Liga-lhes dia sim, dia não, simplesmente para saber se está tudo bem e para sentirem que "alguém está por perto". Se da senhora de 82 anos até emails agora recebe, do casal recebeu um pedido inesperado: "queriam duas máscaras".

"Queriam ir ver o filho que saiu do hospital e a nora que está grávida. É um dilema, porque eles não podem ir. Tentei explicar, disse que não deviam, que era proibido. Mas não adianta de nada estar a proibir", contou.

Paulo mora perto do Palácio de Cristal, da sua casa à zona do Bonfim, por estes dias, "é um tirinho", mas ainda assim, tem de se deslocar a Aveiro, pois, ao contrário do que faz, não há ninguém que leve as compras e "pequenas falhas" ao seu pai e à sua tia.

Encostar a 'ventoleta' e passar de "pilotos" a voluntários "foi um processo muito rápido", explicou à Lusa, Sílvia Freitas, que gere a iniciativa do Pedalar Sem Idade.

"Fizemos uma reflexão de como é que poderíamos contribuir para que os idosos ficassem um pouco menos sós nesta crise e começamos a enviar emails às instituições com quem trabalhamos e às juntas de freguesias da cidade", disse.

Das instituições não obtiveram resposta, mas da Junta de Freguesia do Bonfim, sim.

"A junta decidiu telefonar aos 700 idosos do Bonfim a perguntar se precisavam de ajuda, para fazerem um levantamento das necessidades", referiu.

Sílvia é também voluntária. A seu encargo tem dois casais e uma senhora de 86 anos doente oncológica que necessita, com regularidade, de medicamentos.  

Duas das senhoras que visita habitualmente "desataram a chorar" a primeira vez que a viram e, uma outra, diz-lhe que foi "um anjo que lhe apareceu".

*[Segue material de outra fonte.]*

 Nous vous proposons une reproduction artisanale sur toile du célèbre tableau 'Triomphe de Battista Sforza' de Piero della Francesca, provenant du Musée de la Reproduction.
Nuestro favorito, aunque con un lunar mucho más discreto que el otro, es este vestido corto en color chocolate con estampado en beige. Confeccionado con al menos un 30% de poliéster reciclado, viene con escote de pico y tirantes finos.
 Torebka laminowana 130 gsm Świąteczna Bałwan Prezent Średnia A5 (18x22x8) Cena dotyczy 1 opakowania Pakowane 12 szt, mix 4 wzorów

"Já estão sós e ainda veem a rua vazia. Já não visitam a padaria ou a farmácia onde iam todos os dias porque isso não lhes é permitido. É triste", lamentou Silvia, que acredita que "há medida que o tempo de confinamento aumentar, vão também aumentar os pedidos de ajuda".

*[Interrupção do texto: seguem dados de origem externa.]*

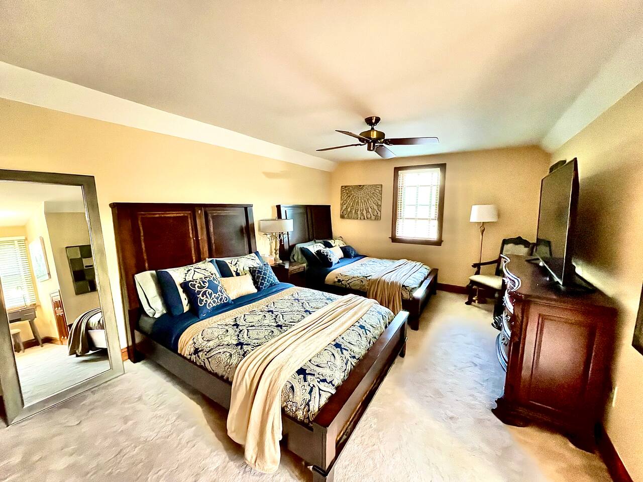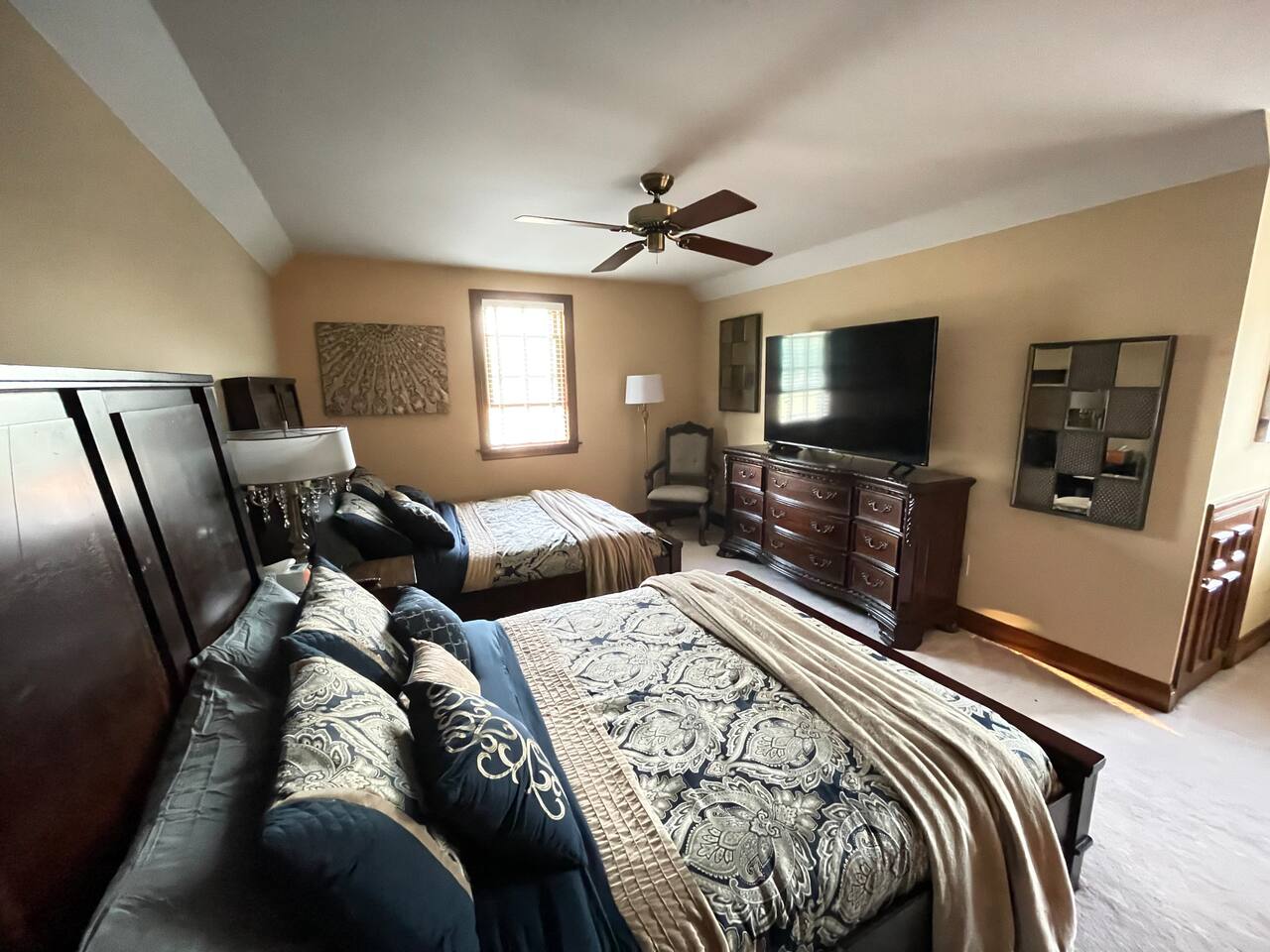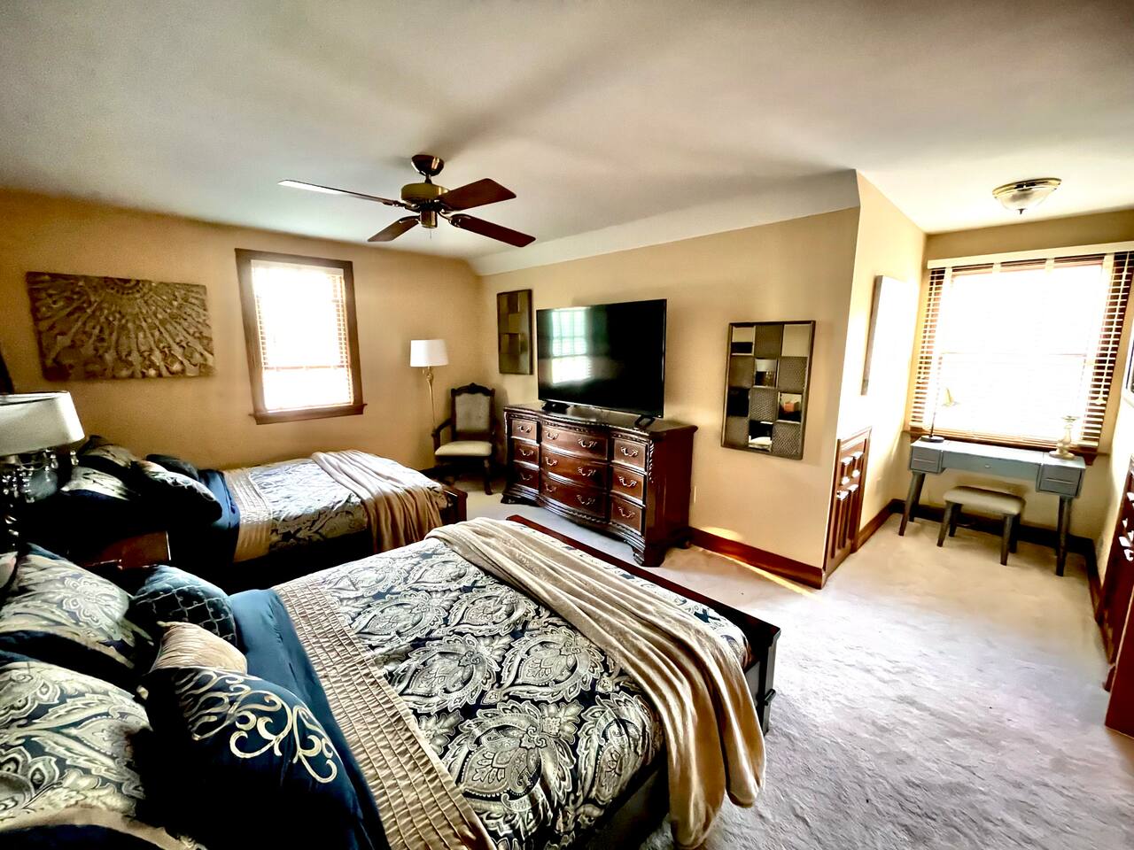 This suite, located on the private floor, features two Queen beds, large dresser, vanity, chair, bench, and more. It has a private full bathroom with a shower and tub. The room has views of the pond and pool. Perfect for families traveling with children or a group of friends. Enjoy modern amenities including TV, Wi-Fi and more. The room is wonderful but it is actually the least awesome feature of our farmstay. What everyone loves most about this farm is the outdoor area and vibe. Locals and tourists alike adore this property as it has such a unique layout. The visual beauty of the property is not where the experience ends. Wait until you meet our herd of alpacas, miniature horse, pony, bunnies, exotic breed chickens, ducks, geese, wild birds, and barn cats. Animal lovers won’t want to leave. You can book a formal farm tour to hear the story of how Charity’s Hope Family Farm came to be. Every animal has a story as most of them were rescues. Our family has a story. This area is rich in history. More importantly, the area has a bright future as people discover the joys of new-age farming and welcome the much-needed innovation in the agricultural industry.

Para combater esta "realidade da solidão", Silvia e os restantes voluntários tentam estabelecer com quem acompanham uma relação de confiança e amizade, pois não é só a "saúde física que fica afetada, mas também a saúde mental".

Ainda que venham à janela apanhar ar, pelas ruas do Bonfim, já nada é a mesma coisa. Estão confinados às suas casas e, assim vão permanecer, até a pandemia durar.

Segundo o balanço feito na quarta-feira pela Direção-Geral da Saúde, em Portugal registaram-se já 187 mortes, mais 27 do que na véspera (+16,9%), e 8.251 casos de infeções confirmadas, o que representa um aumento de 808 em relação a terça-feira (+10,9%).